You see, like in his film incarnation, in the books Holmes is said to be an incredibly adept martial artist and boxer, however, unlike almost any incarnation of Holmes to date, he’s also said to be almost superhumanly strong. To explain, in the story, The Adventure of the Speckled Band, Holmes and Watson encounter a huge-ass man called Dr Grimsby Roylott. Throughout the story, Roylott is referred to as being a man of “immense strength” and intimidating size who is feared by many for his uncontrollable bursts of anger.

But he's respected in equal measures purely for that hat.
But he’s respected in equal measures purely for that hat.

In the middle of the story, for no discernible reason Roylott takes a heavy steel poker and with considerable effort on his half, bends it before leaving the room. Which makes sense considering Roylott is the kind of man who probably cooks his bacon by punching it until it cooks itself just to scare his oven. What doesn’t make sense though is what happens next.

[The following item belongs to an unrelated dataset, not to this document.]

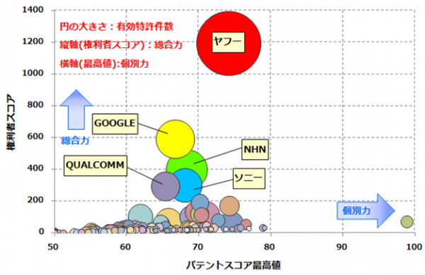 その結果、特許総合力ランキング(注1)は、1位 ヤフー、2位 Google、3位 NHNとなりました。
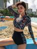 Bikini Vintage Coreano de Cintura Alta Dividido Sexy con Tirantes Traje de Baño Conservador Adelgazante de Manga Larga Deportivo Traje de Baño para Aguas Termales de Mujer

Sherlock Holmes, who you have to remember is described in almost every story as being a habitual drug user who often half-starves himself when working on cases, and is often drawn as being a middle aged man with the frame of a hat stand made of wire coat hangers …

"Sup?"
“Sup?”

Picks the steel poker back up and without any apparent discomfort, bends it back into shape. Just to be clear, 20 seconds earlier in the story a man described as being so strong he physically scares everyone he’s in the room with had to exert himself to bend the poker and Holmes bent it back into shape perfectly without even breaking a sweat.

We can’t wait for that scene to appear in an episode of Sherlock because we honestly can’t wait to see Benedict Cumberbatch’s face when he has to pretend he’s strong enough to break a man’s neck with his bare hands.